Giter VIP home page Giter VIP logo

Comments (7)

stephenberry avatar stephenberry commented on May 24, 2024 2

@Nukoooo, I think I fixed the bug with #670. The issue was with hashing unicode characters, I was casting char bytes to uint64_t, which would make the values enormous for unicode bytes. The fix was to use: uint64_t(uint8_t(character)), this way the uint64_t value is between 0 and 255 as intended.
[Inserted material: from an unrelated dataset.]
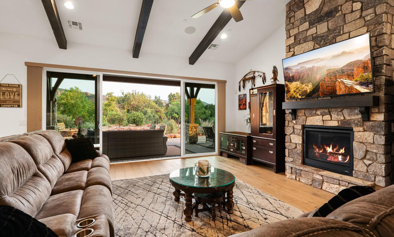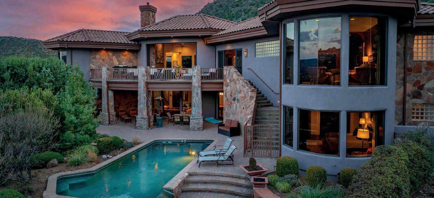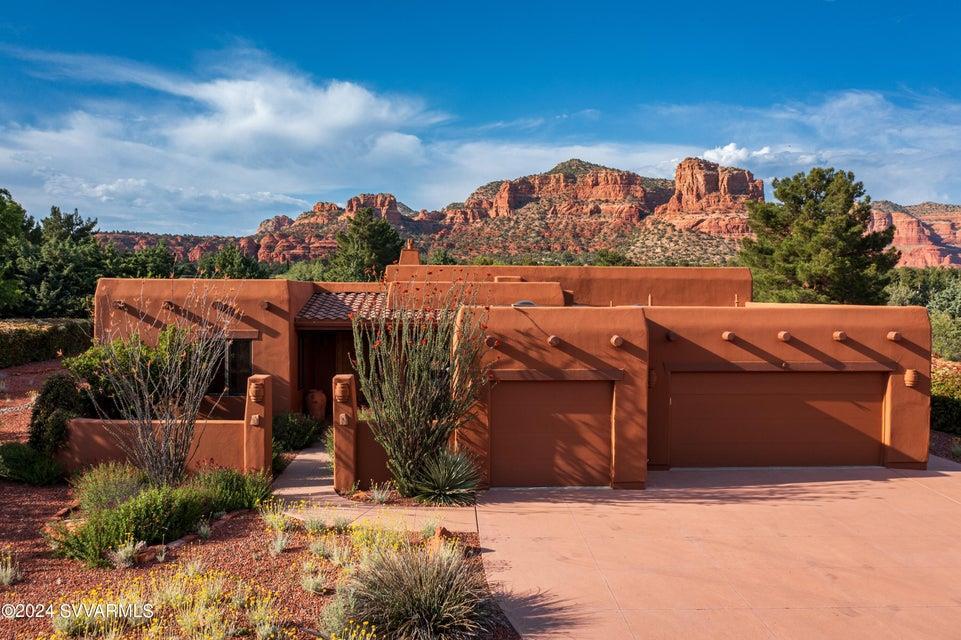 Unparallelled luxury spa-like estate backing to National Forest with expansive Red Rock views of the surrounding buttes and mesas. This Sedona Golf Resort private residence is perched for unblockable red rock views from every room and endless outdoor entertainmentPebble-Tek pool on one side and miles of slickrock trails out back. Massive bedroom suite features butted glass windows to maximize views. Impeccable bespoke kitchen with stainless Thermidor/Wolf appliances and Verde Lux granite plus living room with disappearing radius glass doors make this home ideal for entertaining guests. Lower level elevator accessible suites with kitchenette provide an ideal guest experience that opens onto the dreamlike Sedona backyard pool for lounging in the shadows of the red rocks.

If you run into more issues, please let me know. And, thanks so much for pointing this out!

from glaze.

stephenberry avatar stephenberry commented on May 24, 2024

Thanks for this bug report. Could you share some of the unicode keys that are failing for you? I haven't tested much with unicode keys, so I'll have to look into it and add more unit tests.

from glaze.

Nukoooo avatar Nukoooo commented on May 24, 2024

Sure, the struct for one of my csv files

struct FishRecord
{
     float Duration;
     float FishSize;
     std::uint8_t Amount;

     std::string FishBaitName;
     std::string SurfaceSlapFishName;
     std::string MoochFishName;
     std::string BuffName;
     std::string FishingSpotPlaceName;

     std::string BiteTypeName;
     std::string CaughtFishName;
     std::string HooksetName;
};

template <>
struct glz::meta<FishRecord>
{
    using T = FishRecord;
    static constexpr auto value = object("上钩的鱼", &T::CaughtFishName, //
                                         "间隔", &T::Duration, //
                                         "尺寸", &T::FishSize, //
                                         "数量", &T::Amount, //
                                         "鱼饵", &T::FishBaitName, //
                                         "拍水的鱼", &T::SurfaceSlapFishName, //
                                         "以小钓大的鱼", &T::MoochFishName, //
                                         "Buff", &T::BuffName, //
                                         "钓场", &T::FishingSpotPlaceName, //
                                         "咬钩类型", &T::BiteTypeName, //
                                         "提钩类型", &T::HooksetName //
    );
};

from glaze.

Nukoooo avatar Nukoooo commented on May 24, 2024

I went ahead and tested a little bit, "when there are one or more unicode keys in struct" doesn't seem to be the case.
With this struct with more than 2 unicode keys, it can be compiled:

template <>
struct glz::meta<unicode_keys_t>
{
    using T = unicode_keys_t;
    static constexpr auto value = object("简体汉字", &T::field0, // simplified chinese characters
                                         "漢字寿限無寿限無五劫", &T::field1, // traditional chinese characters / kanji
                                         "こんにちはむところやぶらこうじのぶらこうじパイポパイポパイポのシューリンガンシューリンガンのグーリンダイグーリンダイのポンポコピーのポンポコナの", &T::field2, // katakana 
                                         "한국인", &T::field3, // korean
                                         "русский", &T::field4, // cyrillic
                                         "สวัสดี", &T::field5, // thai
                                         "english", &T::field6 
    );
};

however, when I replace field2 with こんにちはむところやぶら, which basically removes a bunch of katakanas, it just fails to compile

from glaze.

stephenberry avatar stephenberry commented on May 24, 2024

@Nukoooo, I'm looking into this now. I'm wondering how you're using these structures with CSV reading. Glaze is designed to read into containers like std::vector<std::string> or std::deque<float>. Are you trying to read into a structure, like std::vector<FishRecord>? This is a reasonable desire/request, but it is currently not supported. Could you provide an example CSV for one of these use cases? I'm curious that sometimes things are working for you. I converted the types to std::vector<int> and was not able to replicate the unicode issues you are having, so there's something going on with the structure.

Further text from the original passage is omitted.